Function Differences with tf.data.Dataset.shuffle

tf.data.Dataset.shuffle

tf.data.Dataset.shuffle(
    buffer_size,
    seed=None,
    reshuffle_each_iteration=None
)

For more information, see tf.data.Dataset.shuffle.

mindspore.dataset.GeneratorDataset.shuffle

mindspore.dataset.GeneratorDataset.shuffle(
    buffer_size
)

For more information, see mindspore.dataset.GeneratorDataset.shuffle.

Differences

TensorFlow: Randomly shuffle the data in the pipeline. It supports setting a random seed and whether to reshuffle at each iteration.

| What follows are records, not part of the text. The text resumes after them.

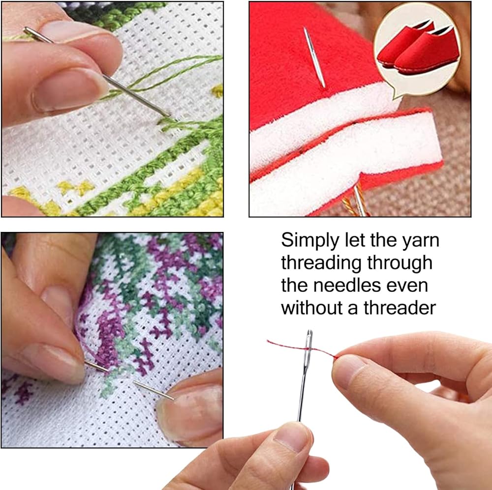 【إبر خياطة كبيرة للعين】: تتميز إبر التطريز الطويلة هذه بتصميم عين كبيرة. يمكن ببساطة السماح للخيوط بالتمرير من خلال فتحات العين الكبيرة حتى بدون خيط بلاستيكي أو حاوية أو أي جهاز خياطة آخر. توفير الوقت والطاقة بشكل فعال.
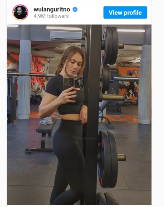 Wulan yang mengenakan setelan pakaian olahraga ketat berwarna hitam itu tampak melakukan mirror selfie. Banyak komen dari warganet.
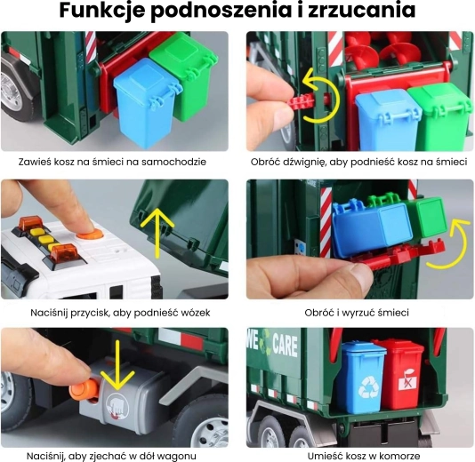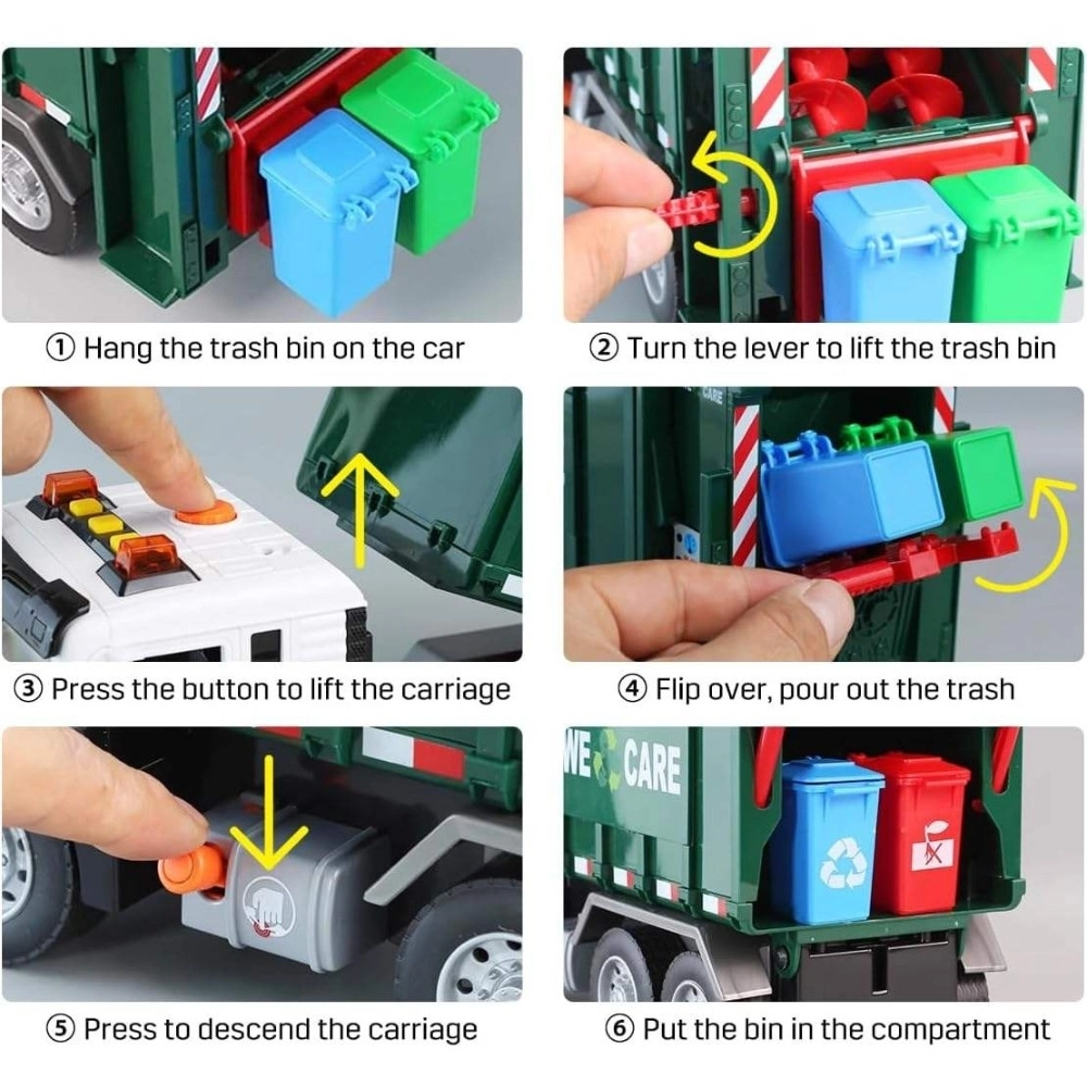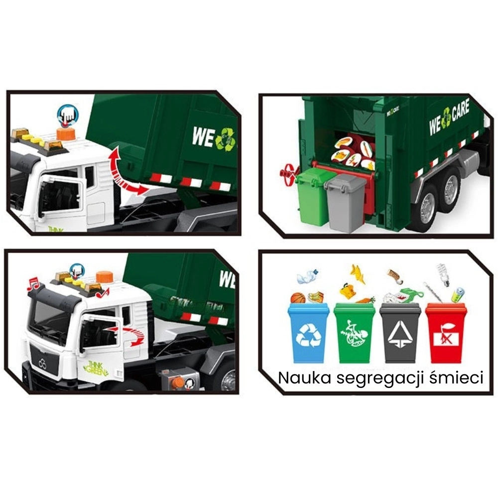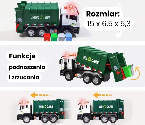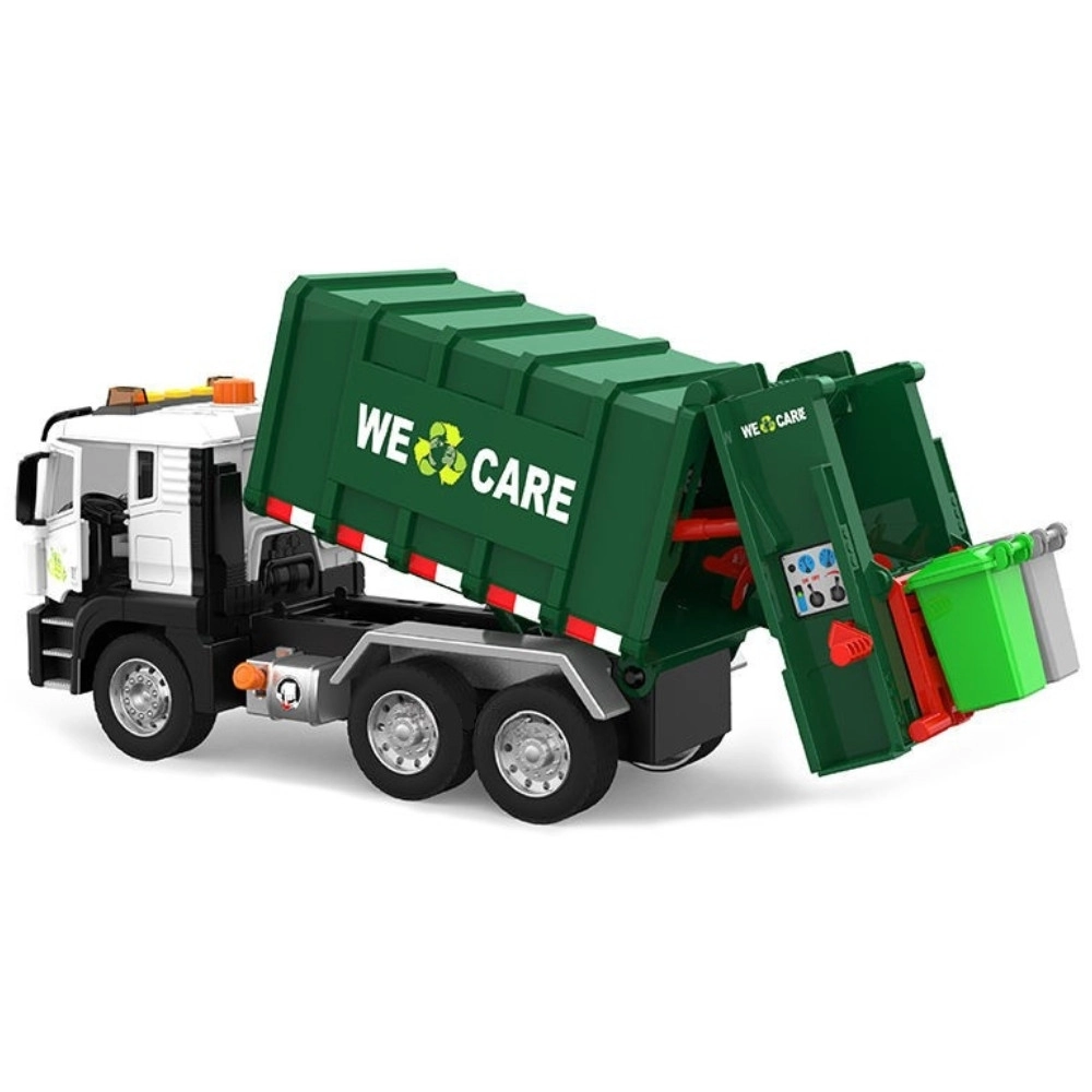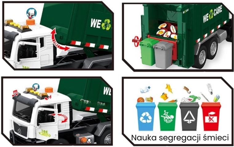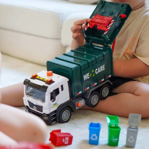 Ta podrobno izdelan smetarski tovornjak z napisom »WE CARE« otrokom ponuja pristno igro odvoza odpadkov. Zahvaljujoč funkcionalni dvižni roki, odpirajočim se zadnjim vratom in priloženim mini košem si otroci preizkusijo resnične postopke ločevanja in odvažanja odpadkov. Vgrajeni svetlobni in zvočni učinki povečujejo zabavnost in spodbujajo domišljijo.

MindSpore: Randomly shuffle the data in the pipeline. The global random seed can be set through mindspore.dataset.config.set_seed, and it will reshuffe every iteration.

Code Example# The following implements shuffle with MindSpore.
import numpy as np
import mindspore.dataset as ds

ds.config.set_seed(57)
data = np.array([[1, 2], [3, 4], [5, 6]])
dataset = ds.NumpySlicesDataset(data=data, column_names=["data"], shuffle=False)
dataset = dataset.shuffle(2)

for item in dataset.create_dict_iterator():
    print(item["data"])
# [1 2]
# [5 6]
# [3 4]

# The following implements shuffle with TensorFlow.
import tensorflow as tf
tf.compat.v1.enable_eager_execution()

data = tf.constant([[1, 2], [3, 4], [5, 6]])
dataset = tf.data.Dataset.from_tensor_slices(data)
dataset = dataset.shuffle(2, seed=57)

for value in dataset.take(3):
    print(value)
# [3 4]
# [5 6]
# [1 2]